A novel reduced-order prioritized optimization method for radiation therapy treatment planning
Georgios Kalantzis and Aditya Apte, Memorial Sloan Kettering Cancer Center, USA
Volume 61, Issue 4, Page: 1062-1070
In this study, a novel reduced order prioritized algorithm is presented for optimization in radiation therapy treatment planning. The proposed method consists of three stages. In the first stage, the intensity space was sampled by solving a series of unconstrained optimization problems. The objective function of the first stage is expressed as a scalarized weighted sum of partial objectives for the target and organ at risk (OARs). Latin hypercube sampling was utilized to define the weights for each run of the unconstrained optimizations. In the second stage, principal component analysis (PCA) is applied to the solutions determined in the first stage to identify the major eigen modes in the intensities space, significantly reducing the number of independent variables. In the third stage, treatment planning goals/objectives are prioritized, and the problem is solved in the reduced order space. After each objective is optimized, that objective function is converted into a constraint for the lower-priority objectives. In the current formulation, a slip factor is used to relax the hard constraints for planning target volume (PTV) coverage.
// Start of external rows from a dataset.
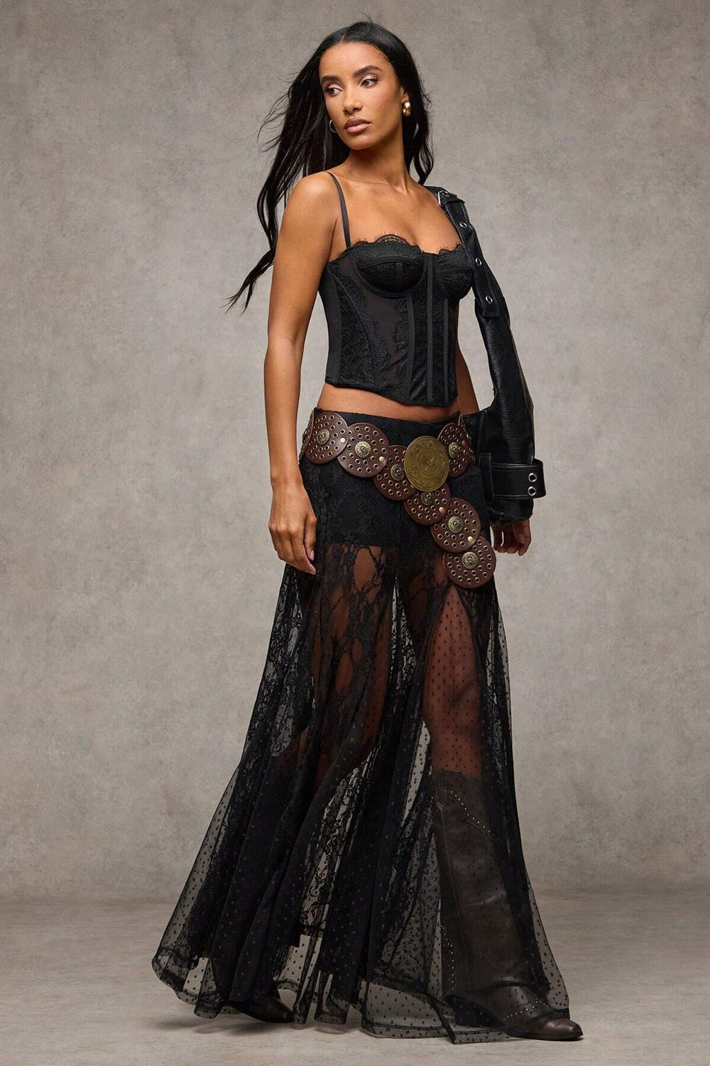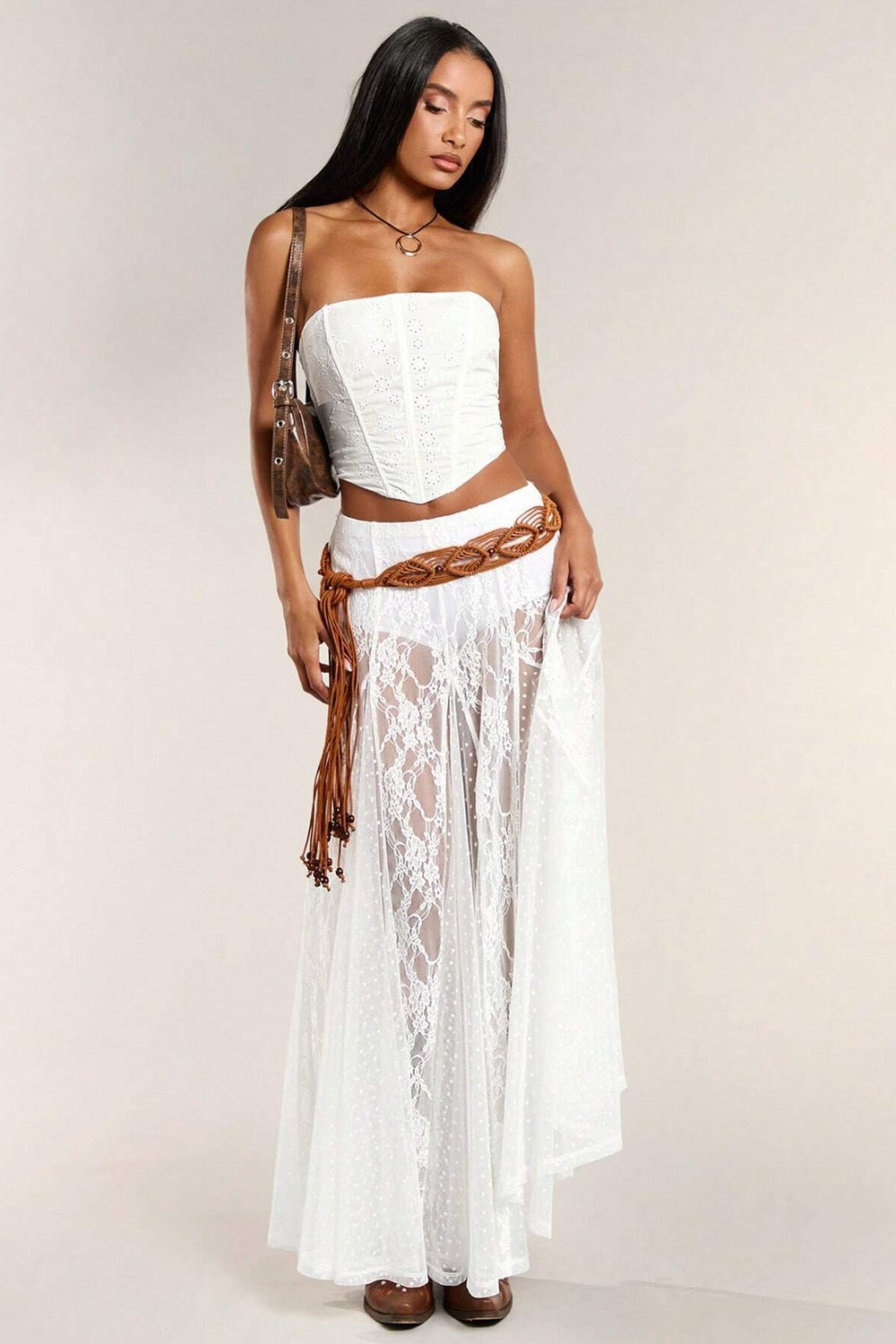 • Clothing Type: Circle Skirt • Skirt Length: Maxi • Composition: Polyester • Details: Patchwork, Lace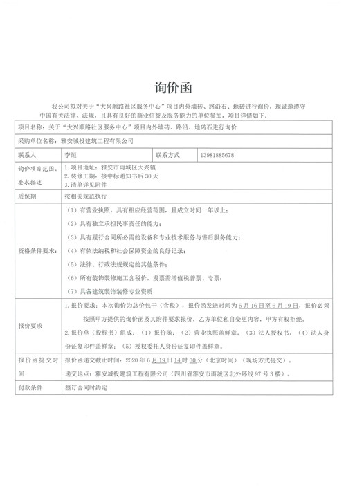 城投建工“大興順路社區(qū)服務(wù)中心”項(xiàng)目?jī)?nèi)外墻磚、路沿石、地磚詢價(jià)函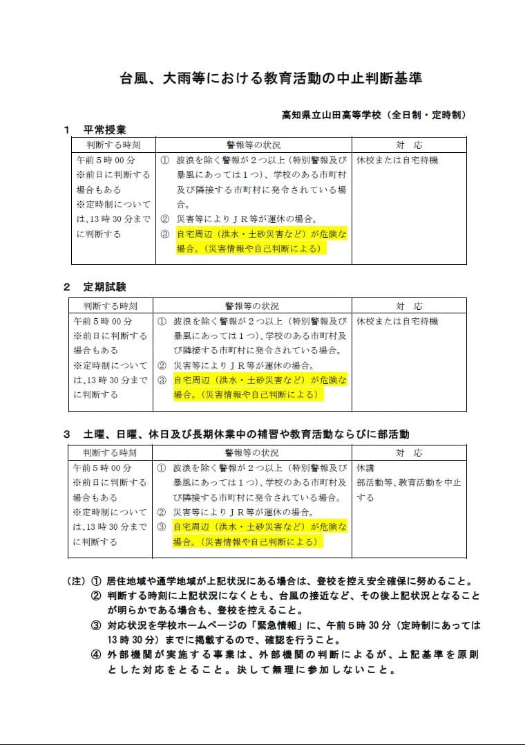 ・山田高校における感染防止対策について(令和2年4月27日付)こちら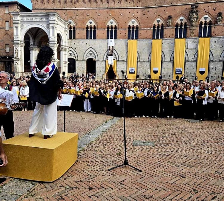 SIENA. Esiste un coro con quasi 500 cantanti, di tutte le contrade e dei cori senesi: Siena Canta. Alla vigilia degli attesi Siena Awards il 27 settembre, quando, alle 15.30, di nuovo invaderanno Piazza del Campo con i canti tradizionali senesi, saranno anche la colonna sonora delle proiezioni di Ars Lucis, videomapping inedito per questa 11 edizione. Fervono adesso le prove nelle varie sedi di contrada che fanno a gara ad ospitare i cantori. Una formazione nata un anno fa quando Luca Venturi ha chiesto a Valentina Guarnieri, che dirige e coordina, di mettere insieme un ”piccolo coro” per dare voce ai canti tradizionali senesi.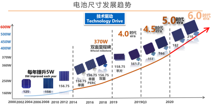 而在“去补贴化”的光伏平价时代对高功率组件需求日渐上涨的形势之下,原本统一的尺寸联盟开始瓦解。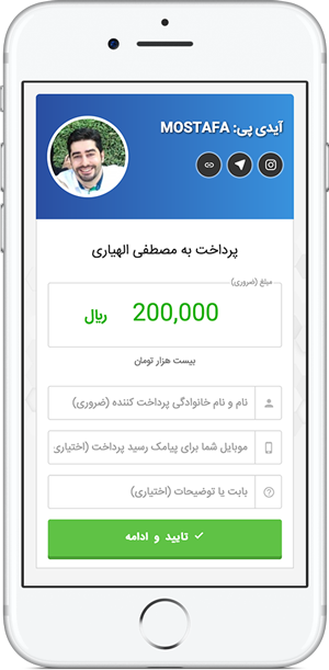 نمونه آدرس آیدی پی: IDPay.ir/mostafa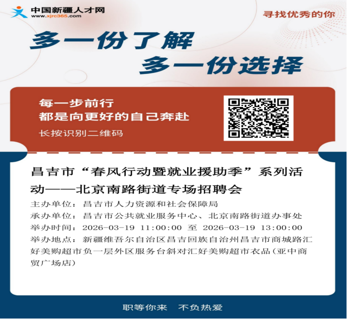 为全面贯彻党的二十大精神和二十届历次会议精神,落实区、州党委、政府稳就业、稳企业、稳市场、稳预期的决策部署,集中力量做好困难群体就业帮扶,支持企业稳定用工,促进高质量就业,现组织开展昌吉市“春风行动暨就业援助季”系列活动——北京南路街道专场招聘会。 01活动时间 2026年3月19日(星期四)上午11:00—13:00 02活动地点 昌吉市商城路汇好美购一楼大厅 汇好美购超市(亚中商贸广场店) 新疆维吾尔自治区昌吉回族自治州昌吉市乌伊西路南侧亚中商贸广场一层11号南区N01 03活动主题 春风送岗促就业 真诚相助暖民心 04组织单位 主办单位: 昌吉市人力资源和社会保障局 承办单位: 昌吉市公共就业服务中心 昌吉市北京南路街道办事处 05服务对象 (一)有就业创业意愿的农村劳动者,包括拟外出务工和就近就业创业的农村劳动力,外来务工人员,农村低收入人口等重点帮扶对象。 (二)符合认定条件的就业困难人员,包括失业1年以上、大龄、最低生活保障家庭、身有残疾登记失业人员,最低生活保障家庭、零就业家庭以及其他就业困难人员。 (三)各类未就业高校毕业生、返乡高校毕业生、退役军人及有就业意愿的求职人员。 (四)各类有用工需求单位,特别是重点产业链供应链企业、重点项目企业。 06报名方式 一、手机端报名:用工企业长按下面二维码进行扫码报名,求职者长按下面二维码扫码预约报名并于当天按时参加招聘会。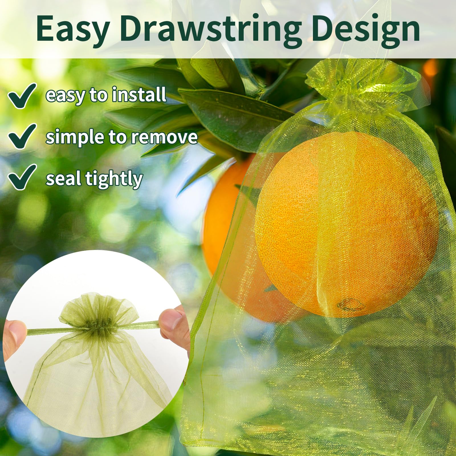 Easy Drawstring Design: Featuring a double drawstring closure, simple to install and remove, makes it easy to check ripeness; fits around fruits tightly and no gaps when tightened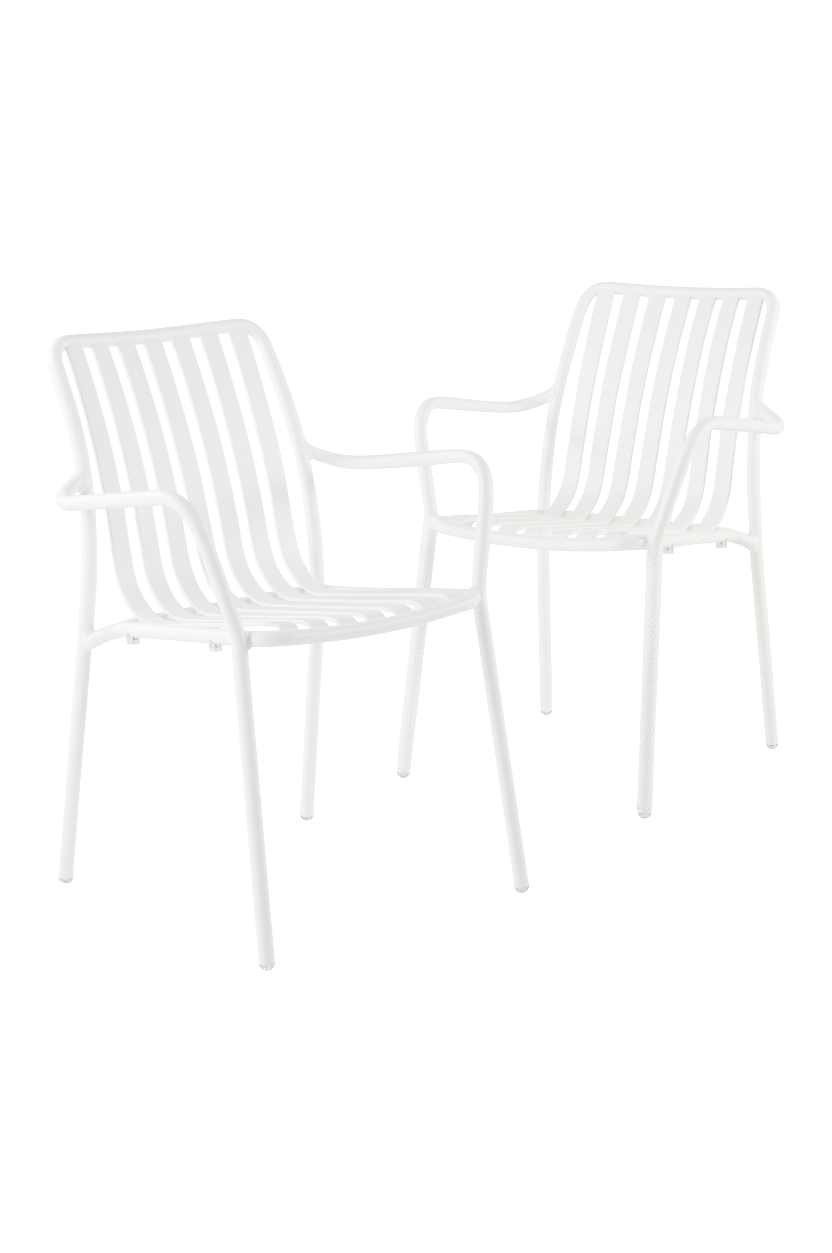 2-pk armstoler av aluminium med pulverlakkert finish. NANTERRE er en lett og pen armstol med myke linjer. Komfortabel å sitte i og enkel å flytte. Aluminium er et lett materiale, så vekten er lav. NANTERRE tåler å stå utendørs. Aluminium ruster ikke, og er enkelt å tørke av.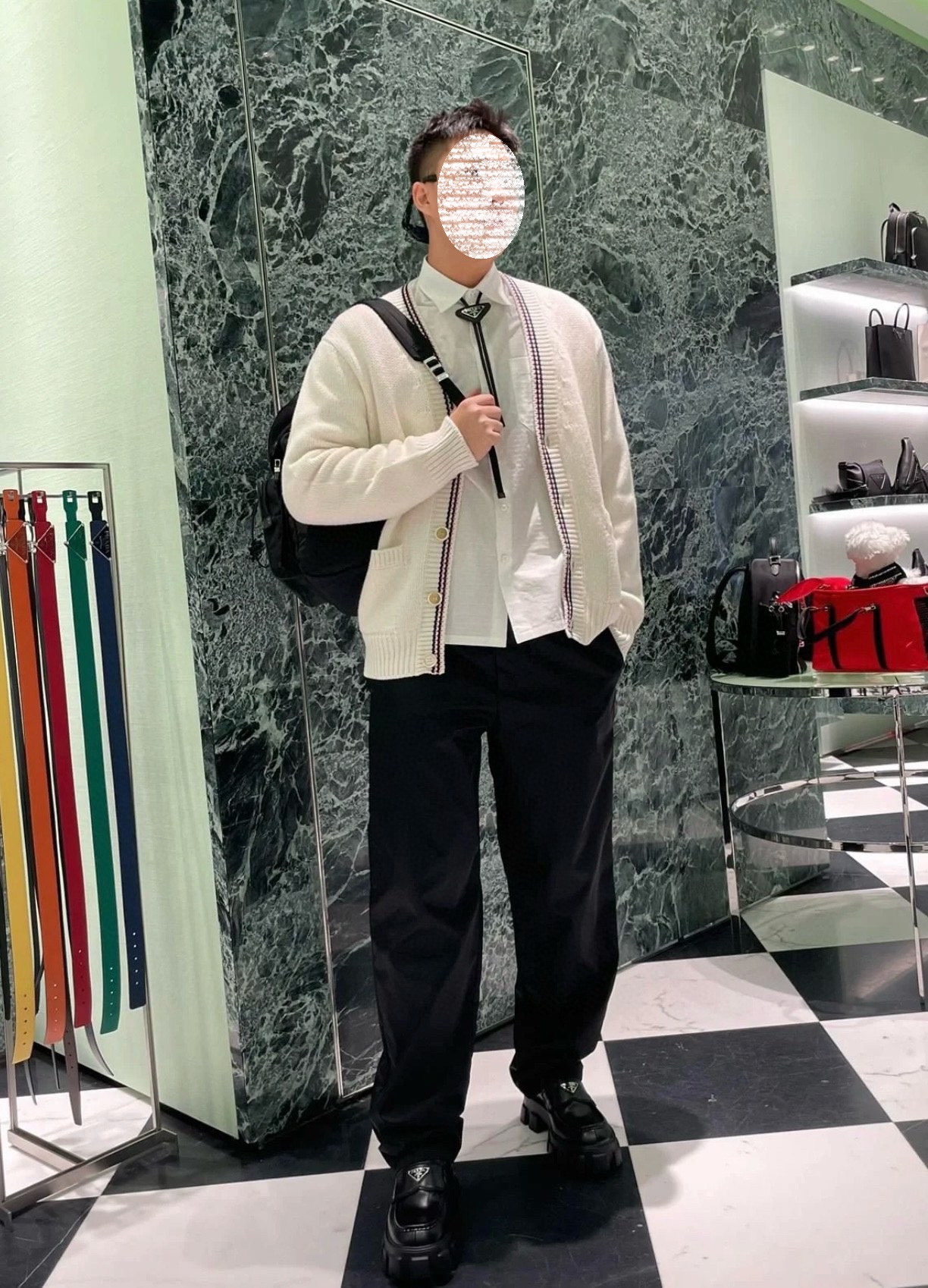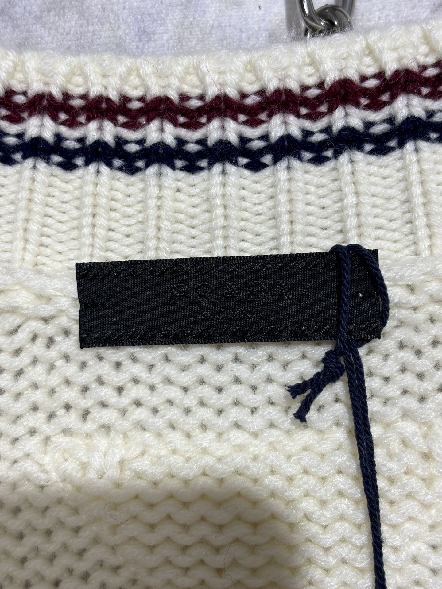 • [사슬공장] 프라다 V넥 순색 가디건 화이트 Prada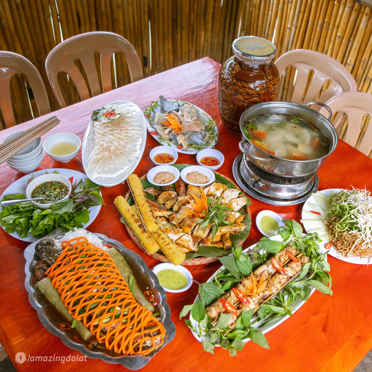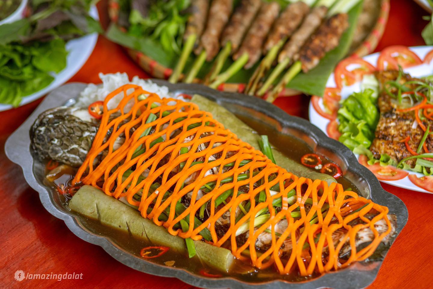 Nơi đây chỉ cách trung tâm thành phố chỉ 4km. An Sơn Hồ – một quán ăn sân vườn với chuyên các món đặc sản mang đậm hương vị Tây Nguyên như gà nướng cơm lam, cá tầm nướng muối ớt, lẩu cá tầm… món nào cũng ngon nhức cái nách luôn! An Sơn Hồ – Lai rai chuẩn không cần chỉnh cùng món ngon, ngắm cảnh cực chill bất kể ngày đêm giữa phố núi.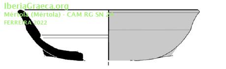 Observaciones : Presenta un labio cóncavo en la superficie externa y un saliente bien marcado en la superficie interna, en la conexión entre el labio y la pared. Pasta de color naranja claro con tonalidad rosácea, muy compacta y muy depurada. Barniz negro/rojo, con manchas grisáceas, adherente, fino y brillante. Autor: Conxita Ferrer (CIG) Supervisor: Xavier Aquilué (CIG) Fecha: 02-12-2023 |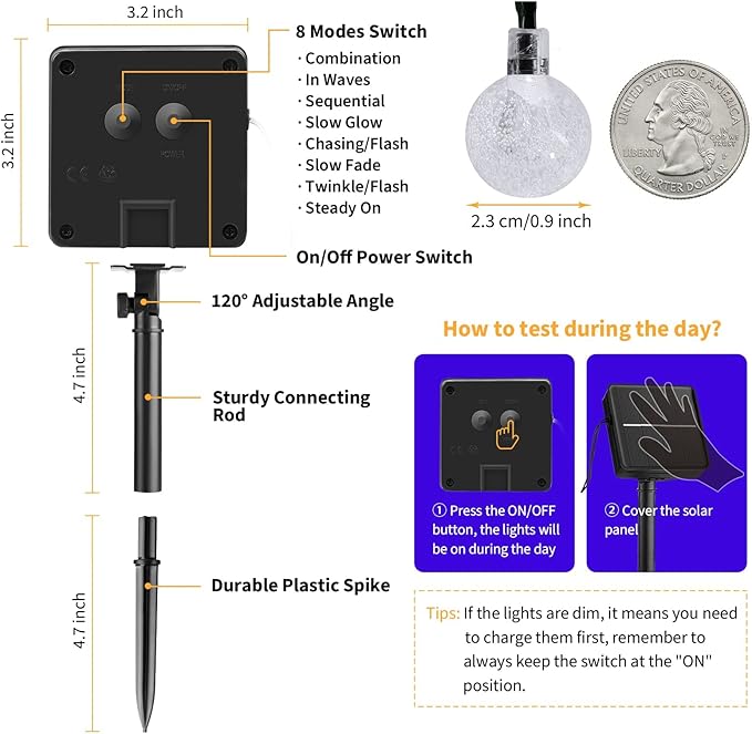 - 【Wide Application & Memory Function】The solar globe string lights with built-in memory chip save your last modes setting and no need to reset mode every day; Perfect decoration for terrace, pergola, bistro, backyard, deck, patio, garden, Christmas, holiday, wedding, party and other celebration occasions.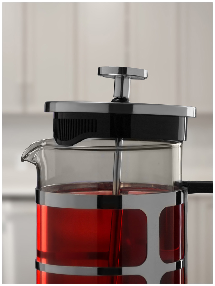 Френч-пресс изготовлен из стекла, пластика и высококачественной нержавеющей стали. Предназначен для приготовления кофе или чая, методом настаивания и отжима. Колба из боросиликатного стекла жароустойчива, выдерживает температуру 100°С, не впитывает запахи. Пресс-фильтр плотно прижимает частички кофе или заварки ко дну френч-пресса, а уплотнительное кольцо не дает им попасть в напиток. Прозрачный корпус позволяет наблюдать за процессом насыщения напитка. У френч-пресса удобная ручка, плотная закрывающаяся крышка.

The applicability of the proposed method is demonstrated for one prostate and one lung IMRT treatment plan. Upon completion of the sequential prioritized optimization, the mean dose at the rectum and bladder was reduced by 21.3% and 22.4% respectively. Additionally, we investigated the effect of the slip factor ‘s’ on PTV coverage and we found minimal degradation of the tumor dose (~4%). Finally the speed up factors upon the dimensionality reduction was as high as 49.9 without compromising the quality of the results.